Retirement Programs.WEC also maintains retirement plans in which the named executive officers participate: a defined benefit pension plan of the cash balance type, two supplemental executive retirement plans and individual letter agreements with each of the named executive officers. We believe WEC’s retirement plans are a valuable benefit in the attraction and retention of our employees, including the named executive officers. We believe that providing a foundation for long-term financial security for our employees, beyond their employment with the Company, is a valuable component of our overall compensation program which will inspire increased loyalty and improved performance. For more information about our retirement plans, see “Pension Benefits at Fiscal Year-End 2011” and “Retirement Plans” later in this information statement.
Other Benefits, Including Perquisites.The Company provides its executive officers, including the named executive officers, with employee benefits and a limited number of perquisites. Except as specifically noted elsewhere in this information statement, the employee benefits programs in which executive officers participate (which provide benefits such as medical coverage, retirement benefits and annual contributions to a qualified savings plan) are generally the same programs offered to substantially all of the Company’s salaried employees.
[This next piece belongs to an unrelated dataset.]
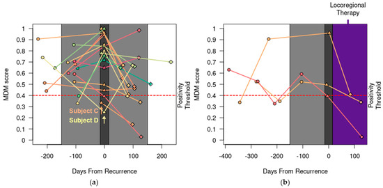 MDM score was sensitive. (a) Serial MDM scores detected recurrence (emphasized with dark gray plot shading) in 16 out of 18 patients except for Patient C (peritoneal recurrence) and D (isolated lymph node recurrence). MDM scores pre- (○), post- (◊), and at the time of clinical or radiographic detection of recurrence (∆) are shown. MDM scores 150 days before and after recurrence are emphasized with light gray plot shading. (b) Following locoregional therapy for recurrent CRC (shaded in purple), the MDM score decreased in three patients. Dark gray plot shading at the time of recurrence is widened (+/− 15 days) to visually stagger ∆ markers with similar MDM scores.

The perquisites made available to executive officers include financial planning, membership in a service that provides health care and safety management when traveling outside the United States, payment of the cost of a mandatory physical exam that the Board requires annually, limited spousal travel for business purposes and the cost of a residential security system. The Company also pays periodic dues and fees for club memberships for certain of the named executive officers and other designated officers. In addition, executive officers receive tax gross-ups to reimburse the officer for certain tax liabilities related to perquisites. For a more detailed discussion of perquisites made available to our named executive officers, please refer to the notes following the Summary Compensation Table.
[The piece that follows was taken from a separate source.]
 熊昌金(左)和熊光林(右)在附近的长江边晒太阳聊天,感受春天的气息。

We periodically review market data regarding executive perquisite practices. We reviewed a survey conducted by The Ayco Company, L.P., a financial services firm (“AYCO”), in 2011 of 349 companies throughout general industry. Based upon this review, we believe that the perquisites we provide to our executive officers are generally market competitive. As part of this review in July 2011, the Compensation Committee reviewed the Company’s practice of providing its executive officers with tax gross-ups on perquisites. The Committee agreed that those officers who were employed by the Company as of July 2011 would continue to receive tax gross-ups, but determined that the Company would not provide tax gross-ups to new executives.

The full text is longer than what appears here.